Claves para entender el bosón de higgs


Con la construcción del acelerador de partículas europeo (CERN), el entusiasmo de la física de partículas es un tema que ha llegado a la palestra de los periódicos e informativos. Es un asunto de gran importancia ya que puede suponer una verdadera revolución en lo que se refiere a nuestra concepción del cosmos, pero difícil de manejar para un público que no acostumbra a fusionar átomos en el salón de su casa. Me gustaría dar unas cuantas claves para poder abordar esta temática tan interesante como compleja.

¿Qué es el bosón de higgs?

Nadie sabe lo que es el bosón de higgs: si le preguntas a varios expertos ninguno de ellos te dará una explicación clara, y si lo hace, te estará contando un cuento muy complejo. A día de hoy estamos todavía muy verdes para profundizar en la cuestión que se plantea.

¿Quién es Higgs?

Peter Higgs es un físico cuyo trabajo, presentado hace unas décadas, fue ignorado sistemáticamente por la comunidad científica por considerarlo irreal e imaginario. Curiosamente ahora lo elevan a los altares porque creen que el modelo teórico que expuso, puede sacar a la física del callejón en el que se encuentra. Ese trabajo hablaba de una partícula con propiedades únicas, un bosón que emite un campo,  por lo que ahora se le denomina, el bosón de higgs y campo de higgs.
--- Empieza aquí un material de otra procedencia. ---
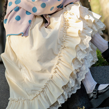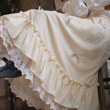 小葱良裁 米白色蕾丝半身裙女秋冬中长款松紧腰宽松荷叶花边A字裙¥169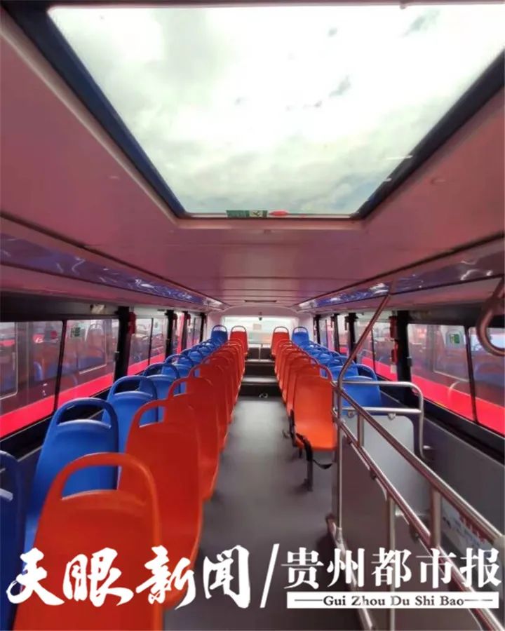 据了解,新车型的整个车前窗和侧窗包括上层都安装有超大玻璃,便于乘客乘车时观赏贵阳城市风景,上下层空间比以前更大,乘客在车内通过时更加舒适。

¿Por qué buscar algo que no sabemos aún de su existencia?

Bueno, la física cuántica trabaja con lo que se conoce como "modelo estándar de partículas". El modelo estándar es un conjunto de fórmulas que describe el universo de lo microscópico con un grado de predicción magnífico a la hora de resolver sus problemas, pero todos creen que falta una pieza, el bosón de higgs sería la pieza que nos falta para dar un paso más en nuestra interpretación de la naturaleza.

¿Por qué se piensa que falta una pieza, si todo funciona bien hasta ahora?

Nuestra física de partículas no contempla la fuerza de la gravedad. Es curioso que la fuerza de la naturaleza que primero hemos conocido y a la que estamos todos acostumbrados no se describa en el plano atómico a través de ninguna de sus partículas. Sabiendo que la física no puede obviar una de las cuatro fuerzas fundamentales, y ante los nuevos desafíos que los físicos se van encontrando, tienen la esperanza de que el bosón de higgs complete el cuadro para describir a un nivel más profundo el mundo que habitamos.

¿Qué se supone que debe hacer el bosón de higgs?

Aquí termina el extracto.